MANUSIA YANG BERUNTUNG
Oleh: Bhikkhu Thitaviriyo


Kiccho manussapatilābho, Kiccham maccana jîvitam
Kiccham saddhammasavanam, Kiccho buddhānam uppādo

Sungguh sulit dapat terlahir sebagai manusia,
Sungguh sulit kehidupan makhluk hidup
Sungguh sulit dapat mendengarkan Dhamma,
Sungguh jarang terlahirnya para Buddha
(Dhammapada 182)

Manusia atau “manussa” dalam bahasa Pā
i berasal dari dua suku kata yaitu mano dan usa. Mano berarti pikiran/batin sedangkan usa berarti luhur. Jadi, manusia atau manussa adalah makhluk yang memiliki batin yang luhur.

Terlahir sebagai manusia merupakan sebuah keberuntungan. Namun banyak orang tidak menyadari keberuntungan ini. Ada dua potensi yang bisa dikembangkan jika hidup sebagai manusia. Kedua potensi itu adalah potensi duniawi yang akan menghantarkan kita pada kebahagiaan duniawi dan potensi spiritual yang akan menghantarkan kita kepada kebahagiaan non duniawi (batiniah). Banyak manusia tidak mengetahui potensi ini sehingga mereka jatuh dalam pelanggaran moral dan keterpurukan mental.

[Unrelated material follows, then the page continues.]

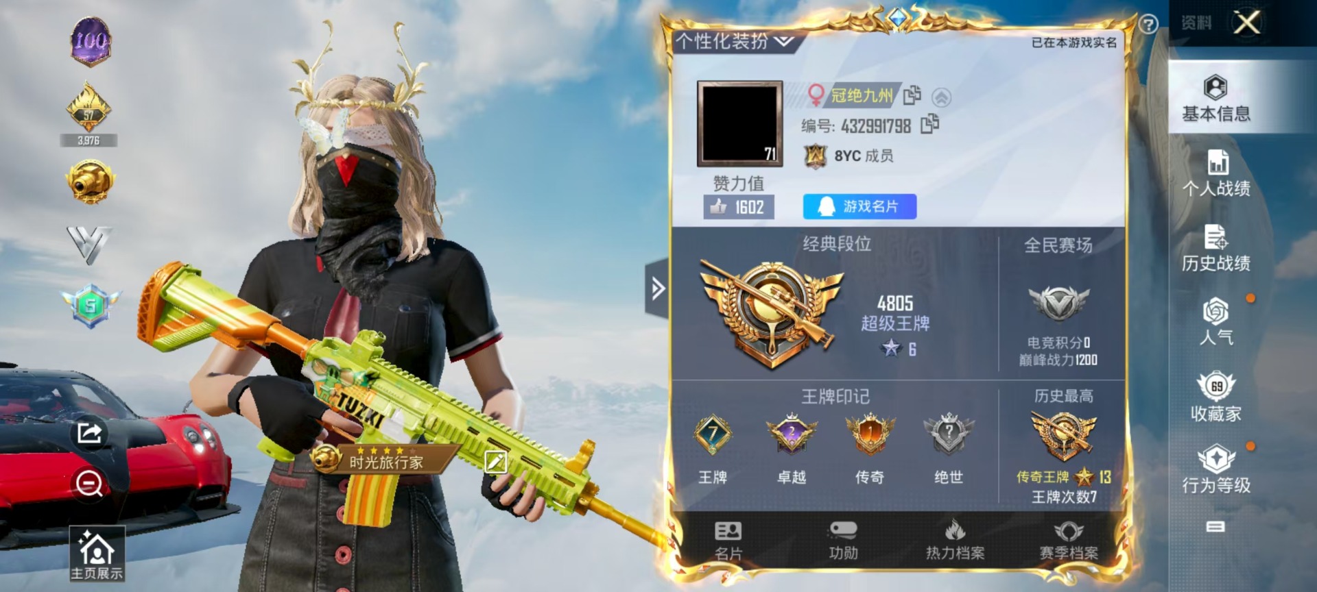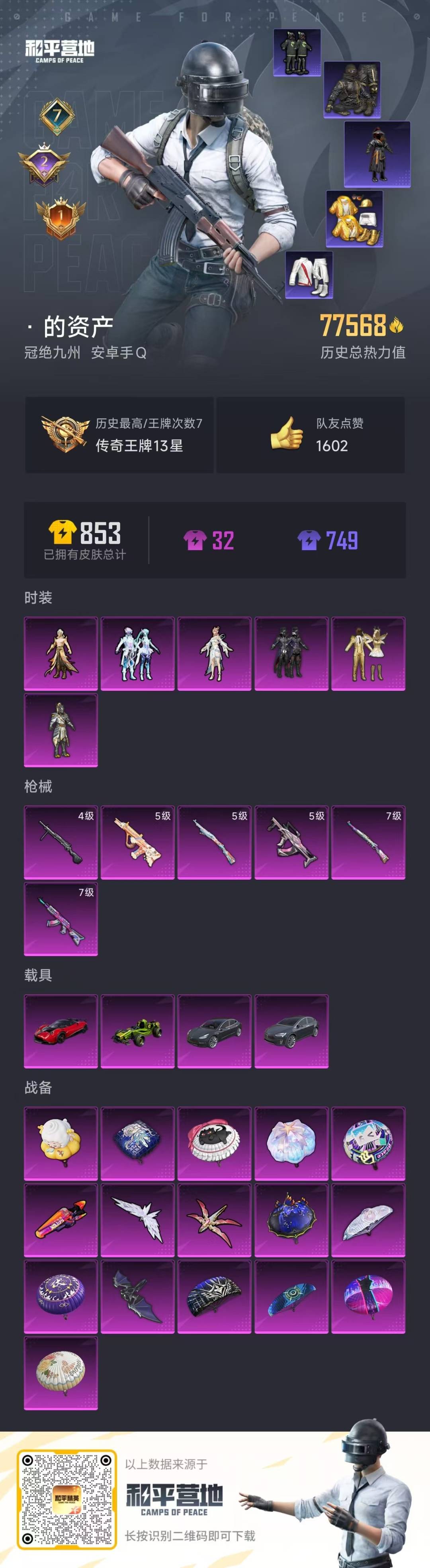 [11553851]6粉装 6特效枪 4载具 7印记 可二次 可修改实名 女号 身法装备:舞王派对(派对舞王、小金鞋) 优质装备:舞王派对(派对舞王、小金鞋) 热门装扮:月影灵韵,罗征,幻彩电音,金曜白虎,金属狂野,古堡领主,罗小黑,浪客战士,大橘为重,恒星战甲,万圣娃娃,梦魇先生,爱崽白熊,东方飞龙,派对舞王(小金鞋) 载具:帕加尼imola(光影红),合金龙骨(绿),特斯拉Model X(冷光银),特斯拉Model 3(冷光银) 稀有枪皮:AUG-暖羊咩咩,Kar98K-巳巳如意,GROZA-镜光银凌,Kar98K伏魔团,AKM炫紫旋律 七级特效枪:七级Kar98K-伏魔团,七级AKM-炫紫旋律 五级特效枪:五级GROZA-镜光银凌,五级Kar98K-巳巳如意,五级AUG-暖羊咩咩 四级特效枪:四级DP-28-豹影疾电 紫色装扮:SS22特训,SS20特训,SS21特训,SS2特训,SS3特训,SS4特训,SS5特训,人气偶像,SS30特训套装,SS23特训,霓虹热舞,SS31特训套装,云朵鹅,彩虹兔,雪绒豹,SS33特训套装,青涩时光,旭日情侣,顶瓜瓜,SS13特训,SS14特训,SS19特训,冰川特警,SS16特训,天籁歌者,SS17特训,凛冬战士,街头潮人,跃动心情,蓝彩潮人,迅猛虎鲸,都市漫游者,都市魅力,酒红色名流,野性山猫,野性战魂,金鼠迎春,竞技勇士朋克,竞技达人朋克,红色运动,绮丽涂鸦,缤纷果语,耀眼新星,长空猛禽,雨林探路者,游猎者,冰河战士,龙魂突击队,蝶变,蓝海鲸歌,龙腾端午,风暴特警,雪山征服者,雪山精英,雷霆特警,霓虹街区,青年教官,风行保卫者,龙的传人,飞行日记,魅力单车,鹤鸣,黄色伏地魔,黄色名流,黄色格斗者,黄色运动,黎明保卫者,黑色伏地魔,决胜时刻,战地督导,战地菁英,时尚圣诞,朋克治安官,极地朋克,极速红龙,格斗先锋,橘黑制服,沙漠兵团,圣诞大吉,冷焰舞者,刚毅裁决者,北国孤狼,午夜朋克,和平特警,坚韧舞者,夜莺强袭者,完美偶像,帅气教官,幻世战舞者,甜蜜告白,特战装甲,猎鹰,猛禽,王牌教练,甜蜜熊情侣,甜蜜菠萝,疯狂小兔子,白色伏地魔,潮流先锋,派对绅士,海岛探路者,深蓝色名流,湖蓝色名流,牛气满满,灰色格斗者,灼焰舞者,熔岩使者,燃烧卡路里,牛气冲天,拉斐尔,雏菊兔兔,萝兰蝴蝶,纯真浪花,热情海星,SS28特训,燕燕于飞,鱼渊荷华,巳巳如意

Dalam Samyutta Nikāya (Opammasamyutta), Sang Buddha waktu itu berdiam di Savathi pernah memberikan perumpamaan sebagai berikut;

Sang Bhagava mengambil sedikit tanah dengan kuku jarinya, dan Beliau berkata: “O para bhikkhu, bagaimana pendapatmu, mana yang lebih banyak, tanah yang ada di kuku jari saya ini atau tanah yang ada di bumi ini?”

“Tanah yang ada di bumi inilah yang lebih banyak, bhante. Sedangkan tanah yang ada di kuku Sang Bhagava jauh lebih sedikit dan tidak ada artinya. Tanah yang ada di bumi ini jauh lebih banyak, tidak dapat dihitung, tidak layak dibandingkan.”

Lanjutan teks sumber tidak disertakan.